Agentic Presence and llms.txt - Should You Add It to Your Website?

Every few months a new file promises to be the magic switch that makes your website "AI-ready." Right now that file is llms.txt, and a wave of tools, plugins, and consultants will happily sell you on the idea that publishing one will get you cited by ChatGPT, surfaced by Claude, and ranked in AI search.

It's worth slowing down, because most of what's claimed about llms.txt is wrong - not maliciously, just optimistically. The file is real and reasonable. The mythology around it is not.

What llms.txt actually is

llms.txt is a proposed convention - a clean Markdown map of your key pages, written for machines instead of humans. The idea is genuinely sensible: a normal web page is full of navigation, scripts, ads, and markup that are useful to people but pure noise to a model trying to read your content. An llms.txt file gives a curated, token-efficient index of what matters.

Great idea. But here are three things people get wrong.

1. It is NOT an accepted standard

llms.txt is a community proposal, not a standard. No crawler is required to look for it, which means it won't necessarily be among the sources used to compile an answer from AI agents.

2. If you publish one, keep it out of your sitemap - and out of the index

If you publish an llms.txt, it shouldn't be indexed, and it shouldn't be in your sitemap.xml. The whole point is on-demand consumption by an agent, not ranking in search.

Your sitemap exists to tell search engines which canonical pages matter for ranking. llms.txt isn't one of those pages. So /llms.txt should be kept as a known path an agent has to actively go and fetch. Nothing pulls it in automatically.

3. The platforms agree

If you want this straight from a primary source, Google addressed it directly.

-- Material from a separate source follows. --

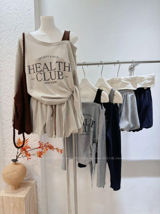 優寶購物《ubao.Tw》特貨品商城,黑貓宅配,取貨付款,【莉莎小屋】正韓 Korea 秋冬新品(代購)✈單側配色肩帶字母套裝 👚👖 E0820 | Yahoo拍賣
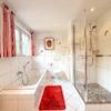 - Elternbad mit Dusche, Badewanne, Doppelwachbecken, Bidet und WC

Google's own AI optimization guide lists llms.txt under "what you don't need to do," and says that even if it crawls the file, it isn't treated in any special way. No privileged handling, no ranking boost.

It's the same story on the agent side: Claude won't fetch your llms.txt unless someone explicitly points it there. There's no background process quietly ingesting /llms.txt across the web.

So when does it actually get used?

It does get used - just not the way the hype implies. The trigger is always the same: a developer or an agent's config explicitly points a coding tool at it.

Cursor (via @Docs), Claude Code, GitHub Copilot, and Windsurf can pull a library's llms.txt into context to give accurate, version-correct answers instead of hallucinating APIs. That's why Anthropic, Stripe, and OpenAI all publish one - it's cheap to maintain, and it's a real courtesy to any agent that is sent there. The pattern is always the same: opt-in, on demand, developer-facing.

What if you embed "fetch my llms.txt" in your HTML?

Reasonable question - so I tested it myself. I put an instruction directly in a page's HTML body telling models to go fetch the llms.txt file. Here's what happens.

At the crawl-and-index stage, systems ingest the HTML as content - they don't interpret the text as commands to act on. So a "fetch instructions at /llms.txt" buried in your markup is just words on a page, not a command anything executes.

That instruction can only be addressed at query time, when the agent decides whether it needs external data to answer the user's question. And here's the catch: if the agent is running on a free tier (~82% of users), it will tend to keep resource use low and avoid the extra fetch. Which means your llms.txt won't be part of the common agentic user flow at all.

The trap

The trap is the tools promising to transform your "agentic presence" by generating an llms.txt. That transformation doesn't exist. The file changes essentially nothing on its own.

So, should you add it?

Publish one if it's trivial for you - especially if you maintain a documentation site that coding agents might be pointed at. Just don't expect it to move the agentic needle by itself.

Want to influence how AI represents you? The same fundamentals apply as always: genuinely useful content and a clean, crawlable site.